EU, UK Finally Strike Brexit Deal
The European Union and the UK have reached a long overdue agreement on the draft text of their Brexit deal, as the latter is about to leave the former in less than five months.
After months of often deadlocked negotiations officials have agreed the document at the technical level this week, according to a source from the British Cabinet, as cited by the BBC.
UK Prime Minister Theresa May is thus going to seek the backing of her ministers over the agreed text of the Brexit deal at a meeting set for 2 pm GMT on Wednesday.
The Brexit deal is reported to contain a UK-wide customs “backstop” designed to prevent the introduction of physical checks on the border between Northern Ireland and the Republic of Ireland.

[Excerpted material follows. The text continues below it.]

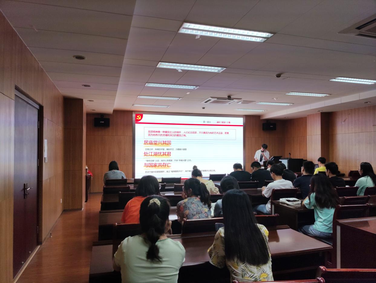 本次活动分为理论和实践教育两部分。理论教育环节,2021级硕士生二支部的彭勃以"扬爱国之情、立强国之志、践报国之行"为主题做端午爱国主义精神宣讲。他介绍了端午节的由来,以流传最广的是纪念屈原说展开,深入阐释了屈原精神在历史不断流传中通过各种形式所积淀的核心内涵——爱国主义。在"举世皆浊我独清,众人皆醉我独醒""长太息以掩涕兮、哀民生之多艰"等诗词中,映射着屈原终其一生为楚国人民福祉奔走的身影。彭勃结合总书记重要回信的精神,呼吁我们作为新时代的青年学子,要牢记习近平总书记的嘱托,肩负历史使命,勇担时代责任,坚定理想信念,讲好中国故事。

It does not include any specific backstop for Northern Ireland only. The Irish border issue has proven to be toughest one to resolve in the recent months of Brexit talks between Brussels and London.
What the EU and the UK agreed upon is a 500-page document accompanied by a much shorter joint state on their future relationship. The details of the long-term trade arrangement between the two parties are yet to be hammered out.
The newly stricken Brexit deal also provides for a 21-month transition period after the UK’s departure from the Union, until 2021.
It further offers guarantees for the rights of EU citizens in Britain, and UK citizens in the EU, as well as details of the British payment of a divorce bill of EUR 45 billion (GBP 39 billion).
“[Cabinet ministers are meeting to] consider the draft agreement the negotiating teams have reached in Brussels, and to decide on next steps,” the UK Prime Minister’s Office said on the agreement of the Brexit deal.
The embattled Brexit agreement is expected to be a tough sell to part of May’s ruling Conservative Party as well as its coalition, the Democratic Unionist Party of Northern Ireland, including because of the leading Brexiteers’ opposition to keeping the UK locked into EU trade rules for a longer period after the actual Brexit date.
In their June 2016 referendum, a narrow majority of the British citizens voted in favor of Brexit (51.9% to 48.1%). The UK is set to leave the EU on March 29, 2019.